Well if you’re comparing 333 Commerce St building (topped out in 1993) with Barad-dûr, as depicted in Peter Jackson’s “The Lord of the Rings” trilogy (released in 2001-2003), then you maybe should ask why Peter Jackson’s art inspiration (specifically illustrator Alan Lee) based their depiction of Sauron’s tower on the AT&T building (although maybe the architect of the building in Nashville did also draw their inspiration from Alan Lee’s art, timeline become muddled here).
I could find no other depiction of Barad-dûr prior to Jackson’s which had that same forked design, most artists drew a sinister-looking but traditionally spired tower design, with the eye peering through a window in the clouds to some effect.
Tolkien’s book describes the tower like this:
“Then at last his gaze was held: wall upon wall, battlement upon battlement, black tower of adamant, he saw it: Barad-dûr, Fortress of Sauron. All hope left him…
…and then he saw, rising black, blacker and darker than the vast shades amid which it stood, the cruel pinnacles and iron crown of the topmost tower of Barad-dûr. One moment only it stared out, but as from some great window immeasurably high there stabbed northward a flame of red, the flicker of a piercing Eye”
No mention of the two-prong fork design that I could find.
I did try to read the books but, though I enjoyed The Hobbit, I didn’t make it through the first LotR book; as such, the movie depiction is the only one I really know. Not to say that makes it more accurate or anything, just my only experience with it.
Well if you’re comparing 333 Commerce St building (topped out in 1993) with Barad-dûr, as depicted in Peter Jackson’s “The Lord of the Rings” trilogy (released in 2001-2003), then you maybe should ask why Peter Jackson’s art inspiration (specifically illustrator Alan Lee) based their depiction of Sauron’s tower on the AT&T building (although maybe the architect of the building in Nashville did also draw their inspiration from Alan Lee’s art, timeline become muddled here).
I could find no other depiction of Barad-dûr prior to Jackson’s which had that same forked design, most artists drew a sinister-looking but traditionally spired tower design, with the eye peering through a window in the clouds to some effect.

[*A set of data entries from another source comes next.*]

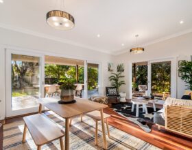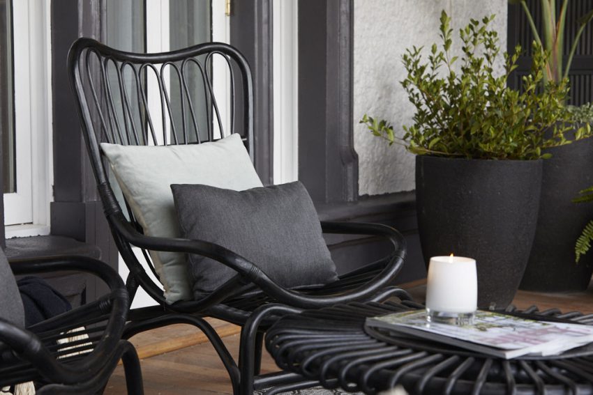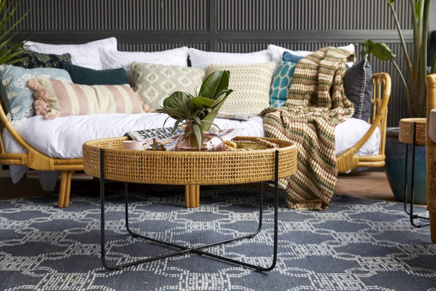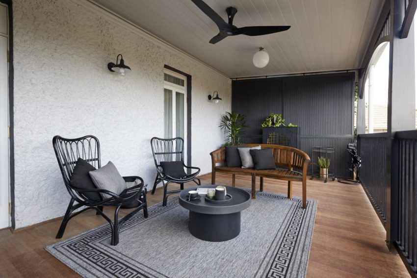 Andy and Deb veered away from their ‘coastal’ vibe this week, opting for a more industrial look for their Verandahs. Styling in muted greys and blacks, Deb says she wanted their furnishings, which included a couch, cane table, cane chairs, a circular rattan rug and a selection of large potted ferns to compliment the more toned down hues she’d used inside, to compliment the exterior.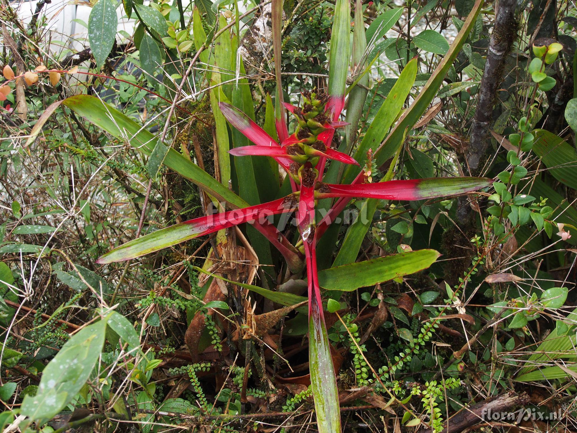 Verzamel locatie: Ecuador, Morona-Santiago Province - 4 km west of Highway 45 on road from Macas to Cuenca. Limon Antenna Road at 2284 meters. Fotograaf: Jerry Raack Opmerking: This is one of several Guzmania found at this high elevation, wet, windy location. They are difficult to identify positively at this location because they all grow together (G. mosquerae, G. aff squarrosa, Guzmania garciaensis and an unknown Guzmania), plus some hybrids between them I believe). In any event this beautiful Guzmania has long red bracts, and I believe it has white flowers. These plants grow as terrestrials in deep sphagnum moss under very wet conditions and can develop fairly long stolons as the new offset emerges typically from just off-center of the old inflorescence. (Verzonden: brom-l@science.uu.nl) Determinatie: gevraagd
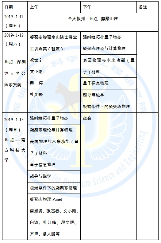 凝聚态物理“南方论坛”/物理系主任论坛暨凝聚态物理“南山院士讲堂” 2019年 第二轮通知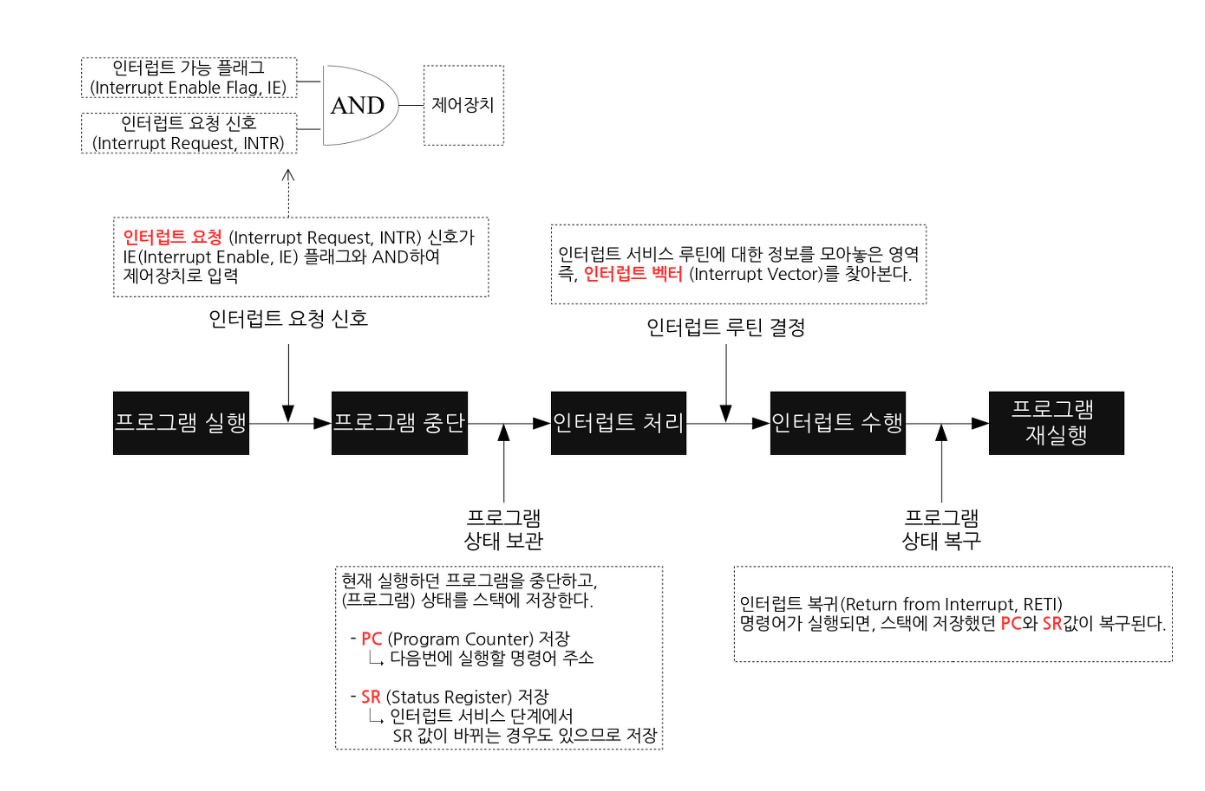 CPU가 프로그램을 실행하고 있을 때, 입출력 하드웨어 등의 장치나 예외상황이 발생하여 처리가 필요할 경우에 CPU에게 알려 실행중인 작업을 중단하고 처리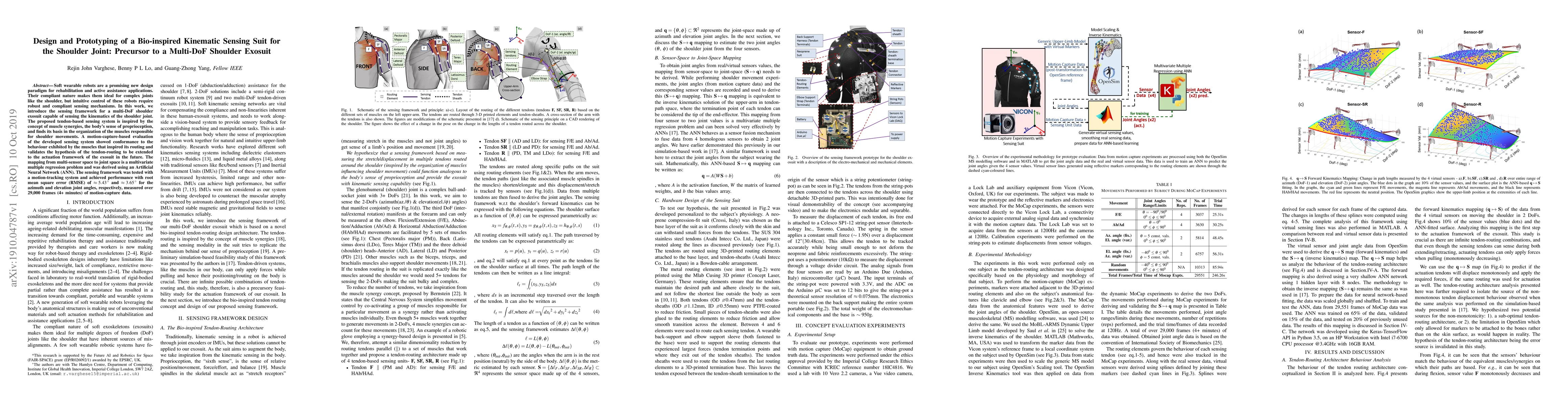 Soft wearable robots are a promising new design paradigm for rehabilitation and active assistance applications. Their compliant nature makes them ideal for complex joints like the shoulder, but intuitive control of these robots require robust and compliant sensing mechanisms. In this work, we introduce the sensing framework for a multi-DoF shoulder exosuit capable of sensing the kinematics of the shoulder joint. The proposed tendon-based sensing system is inspired by the concept of muscle synergies, the body's sense of proprioception, and finds its basis in the organization of the muscles responsible for shoulder movements. A motion-capture-based evaluation of the developed sensing system showed conformance to the behaviour exhibited by the muscles that inspired its routing and validates the hypothesis of the tendon-routing to be extended to the actuation framework of the exosuit in the future. The mapping from multi-sensor space to joint space is a multivariate multiple regression problem and was derived using an Artificial Neural Network (ANN). The sensing framework was tested with a motion-tracking system and achieved performance with root mean square error (RMSE) of approximately 5.43 degrees and 3.65 degrees for the azimuth and elevation joint angles, respectively, measured over 29000 frames (4+ minutes) of motion-capture data.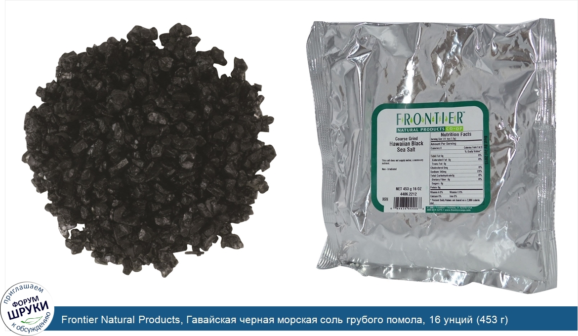 ru Frontier Natural Products, Гавайская черная морская соль грубого помола, 16 унций (453 г)

Tolkien’s book describes the tower like this:
“Then at last his gaze was held: wall upon wall, battlement upon battlement, black tower of adamant, he saw it: Barad-dûr, Fortress of Sauron. All hope left him…
…and then he saw, rising black, blacker and darker than the vast shades amid which it stood, the cruel pinnacles and iron crown of the topmost tower of Barad-dûr. One moment only it stared out, but as from some great window immeasurably high there stabbed northward a flame of red, the flicker of a piercing Eye”
No mention of the two-prong fork design that I could find.
It’s interesting that Peter Jackson’s depiction was so good that people now just assume that’s how it always was.
I did try to read the books but, though I enjoyed The Hobbit, I didn’t make it through the first LotR book; as such, the movie depiction is the only one I really know. Not to say that makes it more accurate or anything, just my only experience with it.
Probably same applies for most people. Those books are very slow at times and hard to get through.